The condition of the work changed:

The general adovocacy of Socialism [...] has altered the standpoint of many people in regard to social obligation. The State and the Municipality are now often regarded as instruments for equalising the economic condition and adjusting the interests of different classes of the population... An industrial system, regulated not by public opinion, but by public enactment, is naturally supplemented by public relief.... The elections have become political, those who go to the poll are but a small proportion of those who have the franchise, and the distribution of relief is often controlled by members of a class who on individual and social grounds desire to increase the amount of it and the number of its recipients. During the last few years of quite unexampled prosperity the relief lists of almost all the London Unions have increased.

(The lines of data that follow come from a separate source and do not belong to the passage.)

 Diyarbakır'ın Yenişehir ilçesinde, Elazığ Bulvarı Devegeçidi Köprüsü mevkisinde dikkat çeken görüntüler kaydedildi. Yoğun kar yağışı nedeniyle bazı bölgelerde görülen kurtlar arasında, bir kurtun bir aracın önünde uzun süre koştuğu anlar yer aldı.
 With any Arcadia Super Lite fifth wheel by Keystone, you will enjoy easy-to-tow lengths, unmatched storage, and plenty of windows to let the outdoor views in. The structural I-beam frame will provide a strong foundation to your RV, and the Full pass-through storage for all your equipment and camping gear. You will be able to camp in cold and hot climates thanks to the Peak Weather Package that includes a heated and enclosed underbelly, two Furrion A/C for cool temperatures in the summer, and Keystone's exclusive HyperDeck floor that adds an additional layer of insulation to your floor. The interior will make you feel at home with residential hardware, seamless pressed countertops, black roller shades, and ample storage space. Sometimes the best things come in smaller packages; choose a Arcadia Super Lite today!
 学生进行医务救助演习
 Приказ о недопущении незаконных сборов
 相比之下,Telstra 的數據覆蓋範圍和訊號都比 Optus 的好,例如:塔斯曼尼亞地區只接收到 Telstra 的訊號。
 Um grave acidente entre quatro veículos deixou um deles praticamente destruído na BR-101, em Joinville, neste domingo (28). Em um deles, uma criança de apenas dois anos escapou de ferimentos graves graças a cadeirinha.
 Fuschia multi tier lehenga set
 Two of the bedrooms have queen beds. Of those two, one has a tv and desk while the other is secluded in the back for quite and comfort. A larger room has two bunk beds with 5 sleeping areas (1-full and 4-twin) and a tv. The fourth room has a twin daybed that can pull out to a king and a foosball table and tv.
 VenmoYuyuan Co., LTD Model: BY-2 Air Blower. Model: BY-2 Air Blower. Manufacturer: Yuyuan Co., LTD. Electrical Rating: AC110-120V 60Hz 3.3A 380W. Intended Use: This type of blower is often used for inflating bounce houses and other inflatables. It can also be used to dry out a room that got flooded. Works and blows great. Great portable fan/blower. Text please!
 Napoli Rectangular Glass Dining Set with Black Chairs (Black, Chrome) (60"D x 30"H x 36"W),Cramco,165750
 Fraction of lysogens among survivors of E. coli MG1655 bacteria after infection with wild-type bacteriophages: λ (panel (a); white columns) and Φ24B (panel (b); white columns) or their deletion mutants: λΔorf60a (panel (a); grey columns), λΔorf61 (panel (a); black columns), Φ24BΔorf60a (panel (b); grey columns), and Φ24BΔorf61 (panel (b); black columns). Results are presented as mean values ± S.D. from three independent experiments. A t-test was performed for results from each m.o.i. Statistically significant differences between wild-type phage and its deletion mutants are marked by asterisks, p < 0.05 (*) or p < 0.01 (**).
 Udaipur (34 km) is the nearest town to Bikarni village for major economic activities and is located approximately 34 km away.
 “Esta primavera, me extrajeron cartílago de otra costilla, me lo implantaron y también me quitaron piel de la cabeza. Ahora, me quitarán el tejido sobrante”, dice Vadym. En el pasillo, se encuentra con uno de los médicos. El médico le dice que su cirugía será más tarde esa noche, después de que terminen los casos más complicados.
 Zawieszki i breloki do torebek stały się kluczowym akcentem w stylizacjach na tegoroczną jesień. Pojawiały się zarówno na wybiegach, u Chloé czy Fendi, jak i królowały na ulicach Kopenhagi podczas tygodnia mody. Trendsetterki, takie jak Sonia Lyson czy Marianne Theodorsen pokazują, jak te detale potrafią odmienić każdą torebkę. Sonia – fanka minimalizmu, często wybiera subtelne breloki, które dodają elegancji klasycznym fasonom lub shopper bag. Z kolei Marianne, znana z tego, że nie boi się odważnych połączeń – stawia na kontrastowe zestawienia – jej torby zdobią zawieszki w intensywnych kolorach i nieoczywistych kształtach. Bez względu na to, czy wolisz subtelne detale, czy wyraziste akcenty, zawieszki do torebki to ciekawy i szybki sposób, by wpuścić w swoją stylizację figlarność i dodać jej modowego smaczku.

With this change has been associated yet another, entirely consistent with the general trend of thought. There is a contraction of interest in personal and voluntary work. Relief, not charity, dominates the position. Societies for the care of young women and servants find it more and more difficult to obtain the help of volunteers. There is a decrease in candidates for the ministry. There is not the same demand for admission to the Settlements for men. The thought of the younger generation of the middle class is turned to new problems. In part, but only to a small ectent, are its member active in poor law or municipal work. Those who have a professional interest in it study its conditions more closely, but the number of students and workers who are attracted to it with a view to personal and voluntary service is less [SW 87].